Is the essential image of a fully faithful functor always a category? If not is there a counterexample?
The answer in Can it happen that the image of a functor is not a category? does not apply in this situation: the functor there is not full. This question is not asking why the image of a functor is not a category, but it is asking when it is a category.
If $F: \mathcal{C} \to \mathcal{D}$ is full, then the image of $F$ is always a category. Clearly we have identity arrows on each object, and composition will be associative since it is associative in $\mathcal{D}$. So we only need to check that the image of $F$ is closed under composition (see also this answer to see what could go wrong).

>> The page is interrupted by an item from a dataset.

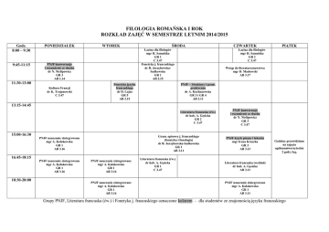 FILOLOGIA ROMAŃSKA I ROK ROZKŁAD ZAJĘĆ W SEMESTRZE LETNIM 2014/2015 Godz. 8:00 – 9:30 PONIEDZIAŁEK 9:45-11:15 PNJF konwersacje i rozumienie ze słuchu dr N. Nielipowicz GR 3 AB 1.14 11:30-13:00 Kultura Francji dr K. Trojanowski C 3.47 WTOREK ŚRODA Łacina dla filologów mgr H. Samulska GR 1 C 3.47 Fonetyka j. francuskiego dr R. JarzębowskaSadkowska GR 1 AB 2.15 Fonetyka języka francuskiego dr D. Lajus GR 5 AB 2.15 CZWARTEK PIĄTEK Łacina dla filologów mgr H. Samulska GR 2 C 3.47 Wstęp do literaturoznawstwa mgr D. Masłowski AB 3.17 PNJF – Struktury i gram. praktyczna dr A. Kochanowska GR 3 i GR 4 AB 3.11 13:15-14:45 Literatura francuska (ćw.) dr hab. A. Gęsicka GR 2 C 3.47 15:00-16:30 Gram. opisowa j. francuskiego (fonetyka i fonologia) dr R. Jarzębowska-Sadkowska GR 1 AB 3.11 PNJF nauczanie zintegrowane mgr A. Kołakowska GR 1 AB 3.16 16:45-18:15 PNJF nauczanie zintegrowane mgr A. Kołakowska GR 1 AB 3.16 18:30-20:00 PNJF nauczanie zintegrowane mgr A. Kołakowska GR 1 AB 3.16 PNJF nauczanie zintegrowane mgr A. Kołakowska GR 1 AB 3.16 Literatura francuska (ćw.) dr hab. A. Gęsicka GR 1 C 3.47 PNJF konwersacje i rozumienie ze słuchu dr N. Nielipowicz GR 3 C 3.47 PNJF Język pisany i leksyka mgr Irena Kruszka GR 3 AB 3.13 Godziny przewidziane na zajęcia ogólnouniwersyteckie 2 godz./tyg. Literatura francuska (wykład) dr hab. A. Gęsicka AB 3.11 PNJF nauczanie zintegrowane mgr A. Kołakowska GR 1 AB 3.11 Grupy PNJF, Literatura francuska (ćw.) i Fonetyka j. francuskiego oznaczone kolorem – dla studentów ze znajomością języka francuskiego FILOLOGIA ROMAŃSKA II ROK ROZKŁAD ZAJĘĆ W SEMESTRZE LETNIM 2014/2015 Godz. 8:00 – 9:30 PONIEDZIAŁEK 9:45-11:15 Seminarium przedmiotowe z zakresu KULTUROZNAWSTWA ROMAŃSKIEGO dr M. Skibicki AB 3.13 15:00-16:30 16:45-18:15 CZWARTEK Przekładoznawstwo dr A. Kochanowska AB 1.09 J. francuski w hotelarstwie i turystyce dr D. Lajus GR 2 Drugi język romański (hiszpański) mgr M. Ściesińska C 3.47 Współczesna literatura francuska (ćw.) dr N. Nielipowicz C 3.47 PNJF nauczanie zintegrowane mgr E. Lajus GR 1 AB 3.10 17:00-18:30 Drugi język romański (włoski) mgr P. Chudzik Coll. Maius 303 PIĄTEK PNJF- Gramatyka dr M. Skibicki GR 1 C 3.47 PNJF- konwersacje i rozumienie ze słuchu mgr E. Lajus GR 1 C 3.47 AB 1.09 PNJF- Gramatyka dr M. Skibicki GR 3 AB 1.15 PNJF – J. pisany mgr E. Lajus GR 3 C 3.47 Wykład z zakresu literaturoznawstwa romańskiego dr hab. P. Sadkowski AB 3.16 PNJF – konwersacje i rozumienie ze słuchu dr K. Trojanowski GR 3 Gramatyka opisowa j. francuskiego (morfoskładnia) wykład dr R. Jarzębowska-Sadkowska AB 3.11 PNJF - nauczanie zintegrowane mgr E. Lajus GR 1 AB 3.17 C 3.47 18:30-20:00 ŚRODA Wykład z zakresu językoznawstwa romańskiego dr A. Kochanowska AB 3.17 11:30-13:00 13:15-14:45 WTOREK J. francuski w hotelarstwie i turystyce dr R. JarzebowskaSadkowska GR 1 AB.2.15 Drugi język romański (hiszpański) mgr M. Ściesińska C 3.47 Seminarium przedmiotowe z zakresu LITERATUROZNAWSTWA ROMAŃSKIEGO dr hab. A. Gęsicka C 3.47 17:00-18:30 Drugi język romański (włoski) mgr P. Chudzik Coll. Maius 303 Grupy PNJF oznaczone kolorem – dla studentów ze znajomością języka francuskiego - łączone z II rokiem LS j. fr. z arabskim i LS j. fr. z hiszpańskim FILOLOGIA ROMAŃSKA III ROK ROZKŁAD ZAJĘĆ W SEMESTRZE LETNIM 2014/2015 Godz. 8:00 – 9:30 PONIEDZIAŁEK 9:45-11:15 Korespondencja i język handlowy dr D. Lajus GR 2 C 3.47 11:30-13:00 Korespondencja i język handlowy dr D. Lajus GR 1 AB 3.11 WTOREK ŚRODA Historia j. francuskiego prof. dr hab. G. Vetulani co 2 tyg. AB 3.11 Wybrane zagadnienia z językoznawstwa romańskiego wykład dr A. Kochanowska co 2 tyg. AB 3.11 AB 3.17 Seminarium licencjackie dr K. Trojanowski GR 2 C 3.46 (gab.) 15:00-16:30 PNJF Przekład dr N. Nielipowicz GR 1 C 3.13 Narzędzia informatyczne w pracy filologa dr R. JarzębowskaSadkowska GR 1 AB 2.15 Seminarium licencjackie dr A. Kochanowska GR 1 C 3.15 PIĄTEK PNJF- gramatyka dr A. Kochanowska GR 1 AB 3.17 Narzędzia informatyczne w pracy filologa dr R. JarzębowskaSadkowska GR 2 AB 2.15 PNJF Przekład dr N. Nielipowicz GR 2 13:15-14:45 CZWARTEK PNJF- gramatyka dr G. Olszaniec GR 2 C 3.47 Seminarium licencjackie dr G. Olszaniec GR 3 C 3.41 (gab.) Seminarium licencjackie dr A. Żurawska GR 4 C 3.44 Wybrane zagadnienia z literaturoznawstwa romańskiego wykład dr A. Żurawska AB 3.09 Godziny przewidziane na zajęcia ogólnouczelniane 6 godz./tyg. 16:45-18:15 18:30-20:00 Grupy PNJF, Korespondencja i język handlowy, Narzędzia informatyczne oznaczone kolorem – dla studentów grupy zaawansowanej FILOLOGIA ROMAŃSKA I ROK DRUGIEGO STOPNIA ROZKŁAD ZAJĘĆ W SEMESTRZE LETNIM 2014/2015 Godz. 8:00 – 9:30 9:45-11:15 PONIEDZIAŁEK Wykład monograficzny z zakresu literaturoznawstwa romańskiego dr hab. A. Branach-Kallas AB 3.11 WTOREK ŚRODA CZWARTEK PIĄTEK Podstawy dydaktyki dr D. Siemieniecka wykład sala Darwina WNP Wykład monograficzny z zakresu językoznawstwa romańskiego dr A. Kochanowska AB 3.17 Drugi język romański (hiszpański kontynuacja) mgr M. Ściesińska AB 2.15 Psychologia ćw. dr L. Wiśniewska AB 3.11 Przekład tekstów specjalistycznych dr N. Nielipowicz C 3.47 Drugi język romański (hiszpański kontynuacja) mgr B. Haniec AB 1.13 Francuski prawniczy dr D. Lajus C 3.47 Specjalizacja językoznawcza prof. dr hab. G. Vetulani C 3.47 Seminarium Seminarium magisterskie magisterskie (językoznawstwo) (literaturoznawstwo) prof. dr hab. dr hab. P. Sadkowski G. Vetulani C 3.45 11:30-13:00 13:15-14:45 C 3.50 15:00-16:30 16:45-18:15 18:30-20:00 Drugi język romański (włoski kontynuacja) dr A. Głodowska Coll. Maius 302 17:00-18:30 Drugi język romański (włoski od podstaw) mgr P. Chudzik Coll. Maius 303 Dydaktyka przedmiotowa mgr I. Kruszka AB 3.09 Specjalizacja literaturoznawcza dr hab. A. Gęsicka C 3.43 (gab.) Drugi język romański (włoski kontynuacja) dr A. Głodowska Coll. Maius 302 Dydaktyka przedmiotowa mg

Let $F(f): F(A) \to F(B)$ and $F(g): F(C) \to F(D)$ be arrows in the image of $F$, such that $F(B) = F(C)$. Then we can compose $F(f)$ and $F(g)$ in $\mathcal{D}$ to get $F(g)F(f): F(A) \to F(D)$. Since $F$ is full, we find $h: A \to D$ such that $F(h) = F(g)F(f)$. So $F(g)F(f)$ is in the image of $F$, and so the image of $F$ is closed under composition.
It may also be worth pointing out that if $F$ is injective on objects, its image forms a category. Again you need to check that it's closed under composition, which is an easy exercise.